JM Well as long as it wasn’t sold by your father’s attorney under a Power of Attorney.
Chris Definitely no.
JM Or by the Protective Office… If he was a protected person, then what’s happened is what the lawyers call an an exemption which means that the gift in the Will to whoever he intended to leave the house to has failed.
CS Wow that’s quite a story isn’t it.
Chris Well he didn’t update his Will that’s what my ……….
JM That’s what your father should have done but what it means that the gift of the house fails – it’s yours and there’s nothing they can do about it.
Chris The good thing about it which if you want to call it… I paid market value. …. I did….. as if I bought it off ……. ah and yes – so that’s where I stand – you know it wasn’t actually sold to me cheap….
JM But the critical question is that it was a voluntary act on the part of your father by him.
Chris 100% yes it was.
CS Well your lawyer sounds like he is giving you the right advice but it’s such an interesting story Chris, I reckon we should give you the $100 Westfield Voucher because….
Chris Oh geez that’s….. I didn’t……
CS No, no. I understand all of that but I’ve got to give it to someone….
CS I’ll have it if you don’t want it….. no you’ve got it Chris. You stay there and we’ll get you.

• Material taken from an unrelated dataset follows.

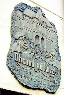 ![]() Пам'ятна дошка фільму, вмурована у стіну дому в Сабінові, що правив за магазин пані Лаутман | |
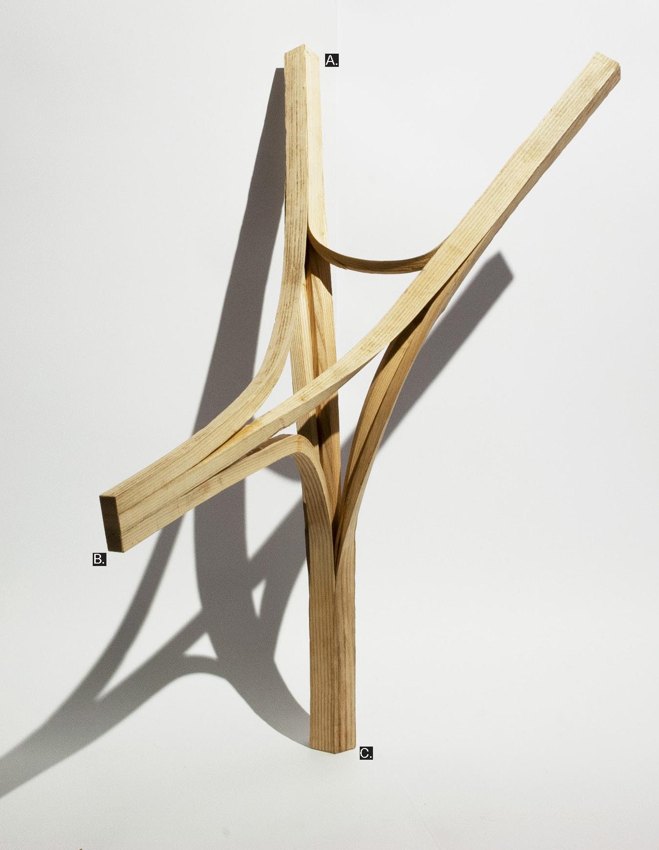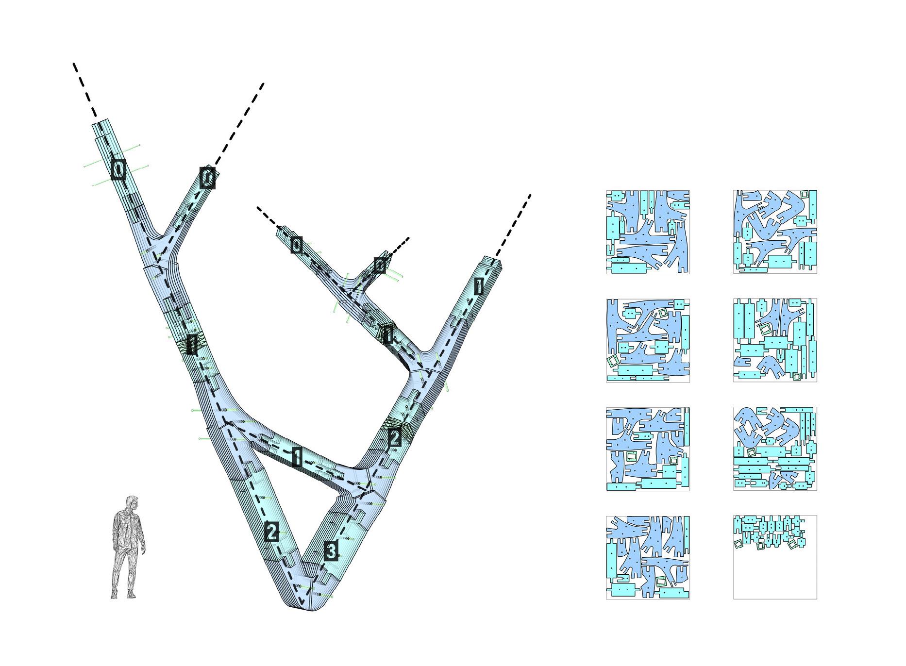 The project commenced with a review of timber construction and its history, and an analysis of current FFT design and fabrication practices. Computational experiments were then undertaken, and digital models and physical prototypes were created to test the development of a free-form structure. This informed the development of a design-to-fabrication computational system and algorithm that automates the production of a free-form structure determined by line-and-curve 3D networks and the inherent load conditions imposed upon it.

Chris Oh you’re a good man…
CS $100 Westfield Voucher to you. An extraordinary set of circumstances but one that arises quite often if someone’s not updating their Will.
JM Exactly so.
CS Yeah okay. Wendy, we can fit one more question in. Go right ahead.
Caller 6 – Wendy
Wendy Oh hello, my mother made her Will out in 2005 when my father passed away. She was very clear in the directions that she wanted including her Power of Attorney and Enduring Power of Attorney. In the last few years I believe that my mother is suffering from early onstage dementia, she won’t have any testing done, absolutely refuses. In the last few years my brother has come back into her life. I suspect seeing that she’s going downhill and she’s changing everything. All her paperwork, all her financial, everything. Is there anything I can do to protect her and myself?
CS I’ve only got 30 seconds – so John – we’ll have to answer in that time limit I’m sorry.
JM Okay – all I was going to say is that if you suspect your mother is being exploited, then you are entitled to make an application to the Guardianship Tribunal for the appointment of financial manager and/or guardian for your mother. That can be the NSW Trustee and Guardian if no-one else is there to do the task But also the question is whether or not any documents she signs now that she’s been diagnosed with dementia might have some difficulty.
CS Yeah. Difficult situation for Wendy.
JM Speak to ENCAT. That’s where to start.
CS ENCAT. Thank you John. Much appreciated. Thank you for your advice. John Mann from Turner Freeman in our Legal Matters Segment for another Tuesday.